Here are the highlights.
-Social Security operates on a basis that would send the owners of any private insurance company to prison: It expects to repay your “contribution” with money it will take from someone else later. As the years pass, it becomes harder and harder to keep this pyramid scheme going.
-You can count on for your retirement only what you put away yourself. And you must make sure that what you put away is safe and growing at a healthy rate.
-Don’t take risks with complicated investment schemes in the hope of multiplying your capital quickly.
-You’re violating Rule #4 if you believe a certain event has to come about— or that a given investment can’t fail— or that you have good reason to know that some apparent risk simply won’t materialize— or that someone out there knows which way the market will move next year.
-The truth is simply that: Anything can happen. Nothing has to happen.
-The investment expert with the perfect record up to now will lose his touch as soon as you start acting on his advice.
-Nor can you expect him to spot the right times to buy and sell reliably. No one can, because no one can know the motivations and intentions of hundreds of millions of different people— each of whom will have an effect on next month’s prices, and each of whom can change his mind in unpredictable ways.
-But no investment is foolproof. Its outcome will depend on far more factors than you or anyone else can identify. People you’ve never heard of will make decisions, to buy or sell, that will push your investment toward success or failure.
-It is better to earn interest than pay it.
-Investing is complicated and difficult only if you’re trying to speculate and beat the market.
-Every investment has its time in the sun— and its moment of shame.
-If any of the four investments has become worth less than 15%, or more than 35%, of the portfolio’s overall value, you need to restore the original percentages.
-To rebalance the portfolio to its original percentages, just sell enough of the leading investments to reduce each to 25% of the total value. Use the proceeds from those sales to buy more of the investments that have fallen under 25%.
-Speculate only with money you can afford to lose.
-No one knows how the people elected in the coming years might choose to solve the economic problems the country will face. It might strike them that the quick and easy solution is to take your property— as has happened so often already.(in regards to the benefit of having overseas holdings)
-In what economic circumstances is the investment’s price likely to go down? Are other investments in your portfolio likely to take up the slack by gaining in those same circumstances? What is the most you can lose on the investment? (Usually, every penny you put it into it.)

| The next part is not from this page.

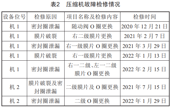 表2羅列了機(jī)1、機(jī)2自2020年12月15日投用以來設(shè)備檢修情況,從故障情況來看,O型密封圈密封失效及膜片破裂損壞是影響機(jī)組長(zhǎng)周期穩(wěn)定運(yùn)行的主要因素。

-If the investment is a mutual fund, you want the fund with the lowest yield— other things being equal. Any dividend paid by a mutual fund simply reduces the price of your shares by a comparable amount— so that the dividend is coming out of your own pocket. And even though you gain nothing from the dividend, it adds to the current year’s taxable income— causing you to pay taxes on something that doesn’t profit you.
-Do you interpret the widely known information in a different way from what most people believe?
-Always define carefully what you are trying to achieve. You must have an investment plan.
-To enjoy some of your wealth while you’re earning it, budget a sum of money that you can spend each year without concern for the consequences.
-When in doubt about an investment decision, it is always better to err on the side of safety.
-Even if you’re convinced that someone is doing very well, he may be doing it by taking risks that aren’t right for you.
-Don’t do in the investment world what you wouldn’t do elsewhere.
-Next year’s Dow Jones Averages will reflect billions of separate decisions— which themselves are the outgrowth of the desires, intentions, and actions of hundreds of millions of people of all kinds, not just investors.
-When your precious wealth is on the line, you can’t rely on anyone to foresee the zigs and zags of the markets.
-No event has to happen. And a sure way to lose what you’ve accumulated is to risk the funds that are precious to you on the idea that some event is inevitable.
That last point is very critical. I know that there has been a lot written about how f*cked the money policy is and the debt and printing money and the shit fiat system and how we should move to gold or China will call in its chips….blah blah blah. It may be right,it may be wrong. It could happen 30 years from now it could happen in 7. WHO THE F*CK KNOWS?
But until that time, it would be foolish not to soundly invest in a way that will reap you profit from your savings.
*Another good book is from Remit Sethi. Simple and sound advice.